How one line in one file made me reinstall Gentoo

Comments
Bookmark and Share

Hey, internet. Long time no see.

(It’s often claimed “long time no see” is a literal translation from Chinese “好久不见”, “hǎo jiǔ bú jiàn”, but actually nobody knows for sure.)

On Thursday, my computer crashed. Not just that it crashed, but it somehow corrupted itself so that I couldn’t even boot it. It survived for two seconds after being turned on, before bailing out with this error:

Linux crashes after two seconds
Linux crashes after two seconds
init[1]: segfault at 0 ip 00007ff10ea3fe05 sp 0007ffff7cb49148 error 4 in libc-2.19.so[7ff10e919000+19e000]
Kernel panic - not syncing: Attempted to kill init! exitcode=0x0000000b

This is so early in the startup process that nothing is running. It’s pretty much just the kernel and init (which, if you don’t know, is the very first program to run when a Linux system starts, the one that runs all other programs).

So of course I recompiled (it’s Gentoo) and reinstalled both the kernel and init, as well as libc, several times, as well as several other programs that I’m pretty sure didn’t even get a chance to start, so how could they have anything to do with this crash? Still, better safe than sorry I guess.

None of it made any difference. After replacing every program that could possibly be running at the time of the error, init still crashed. This is probably the most frustrating error I’ve seen in 15 years as a Linux user.

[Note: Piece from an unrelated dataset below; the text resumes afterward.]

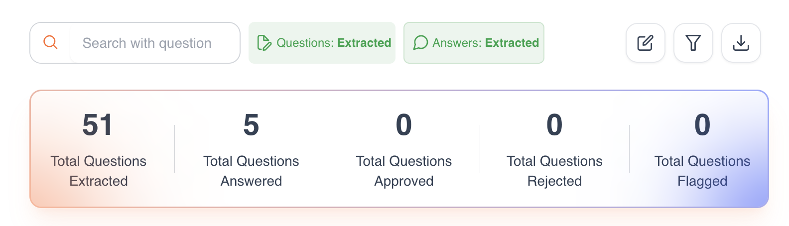 Track how many answers have been submitted, approved, rejected, or flagged.

So I spent my weekend reinstalling everything on my computer.

Verifying downloads before GPG

One of the easy ways a nefarious group could hack into my computer is by intercepting the source code I download when I’m installing a program and modifying it to do, well, whatever they want. China’s government tries to maintain pretty strict control over the internet in their country, so I wouldn’t put it past them to do this. (To be fair, I wouldn’t put it past the US government either.) One way I could get around that is to download everything from a trusted server in the US or some other country, but the internet access here is kind of slow, especially going in or out of the country. It’d be a lot quicker to download all my source code within China, and I need all the time I can get.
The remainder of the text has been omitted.